What have you liked and disliked about being on Lemmy so far?
Do you see your usage going up or down?
I’ve been here since the great Reddit Exodus and have seen some good and some bad.
What have you liked and disliked about being on Lemmy so far?
Do you see your usage going up or down?
Needs more posts.
I don’t see as many insightful comments as I did on Reddit, but that’s just a function of the number of comments/users.
I like that there are enough posts to keep me entertained.
There’s a lot of smart people here, but I feel you’re correct. There’s no need for smart people to show themselves when everybody agrees with them or they’re afraid to give a dissenting opinion.

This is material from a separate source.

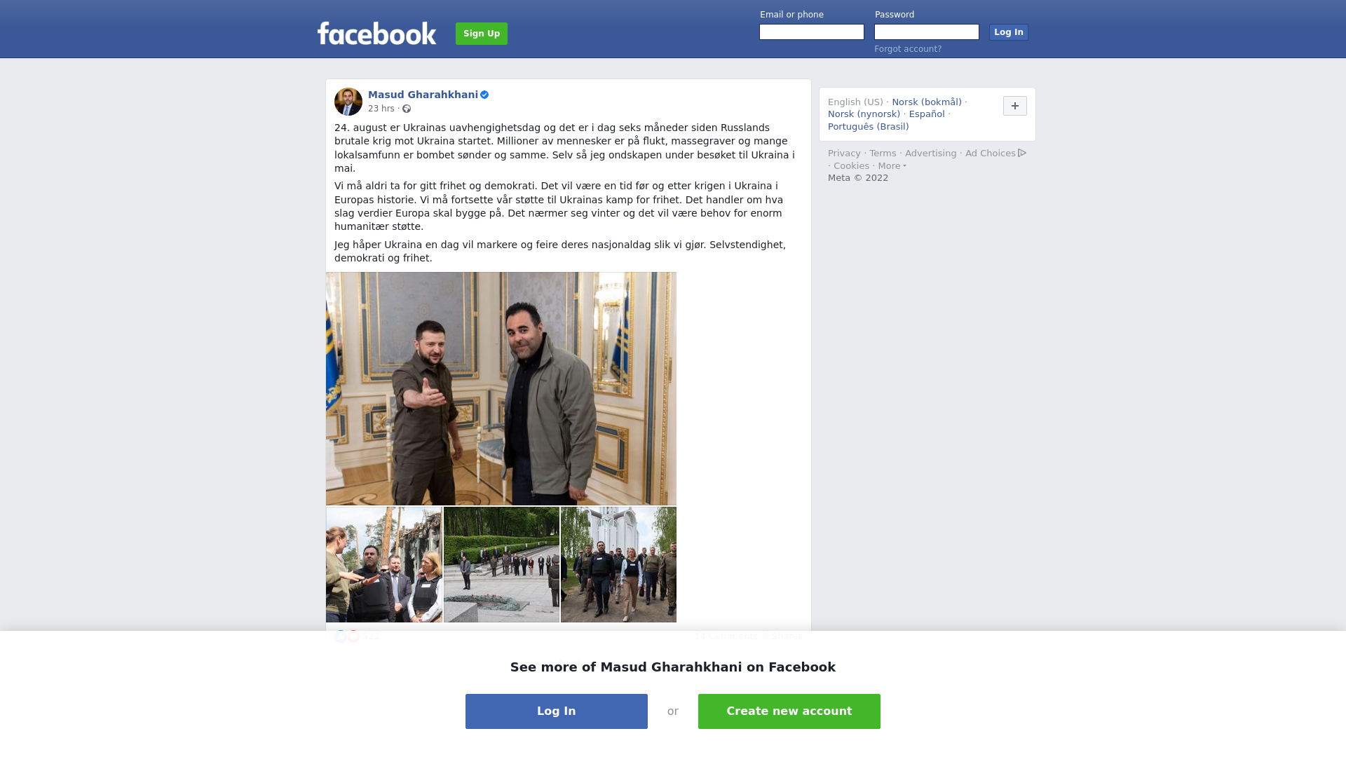 24. august er Ukrainas uavhengighetsdag og det er i dag seks måneder siden Russlands brutale krig mot Ukraina startet. Millioner av mennesker er på flukt, massegraver og mange lokalsamfunn er bombet sønder og samme. Selv så jeg ondskapen under besøket til Ukraina i mai. \n\nVi må aldri ta for gitt frihet og demokrati. Det vil være en tid før og etter krigen i Ukraina i Europas historie. Vi må fortsette vår støtte til Ukrainas kamp for frihet. Det handler om hva slag verdier Europa skal bygge på. Det nærmer seg vinter og det vil være behov for enorm humanitær støtte. \n\nJeg håper Ukraina en dag vil markere og feire deres nasjonaldag slik vi gjør. Selvstendighet, demokrati og frihet.

It feels like we’re all knowledge workers. I fit into the middle aged, D&D playing, politically left, software developing dad demographic. It feels like most of the posters here check many of the same boxes.
As someone who is not, boy does it get annoying hearing shit like “just change jobs and you’ll get a big raise!”
Sorry for that, the software people tend to forget they live in a very comfortable bubble.
The funniest thing is that if people actually decided to “learn to code” as the common mantra goes, software types will be the first hurt as a surplus of labour in their field presses down salaries.
That already happened, at least where I live. I make only slightly less than an entry level dev as a tradesman at a grocery store. And all the dev jobs are in Vancouver where the cost of living is about 30% higher. But they’re not making 30% more than I am.
Well, you certainly have me in that list. I just feel the need to be correct for correct reasons, not just because it makes me feel morally superior. I frequently try to prove myself wrong as an exercise in keeping sharp.
Really insightful or just creative and well-worded variations on what people “already know”?
The latter are very common, even here. Truly insightful comments are vanishingly rare anywhere there’s an up/down vote system.
As an example, if I were to comment on someone’s post about the evils of the Chinese government (with the inevitable mention of Tiananmen Square in 1989) with the truth, that would be downvoted to perdition. Hell, there’s a good chance the post would be removed. I would almost certainly be branded a “tankie”. Because truth is not an issue in populism. Popularity is. And the popular opinion says hundreds to thousands of students were massacred in Tiananmen Square when in reality the truth of the matter is no students were massacred and the massacre that did happen didn’t happen in Tiananmen Square.
You see the real massacre happened several kilometres away and was of protesting labour. The student gathering in Tiananmen Square was a sideshow to the real perceived threat the Chinese government was reacting to. A mild annoyance vs. the perceived existential threat of the nationwide labour protests that even included elements of the PLA. But bring that genuine insight, not just rewarmed and creative expressions of popular opinion, into a thread and you’ll be voted into nothingness.
Lemmy had an opportunity to improve on Reddit. The (openly communist) developers of it decided instead to just make their own Reddit with leftist leanings and blackjack and hookers.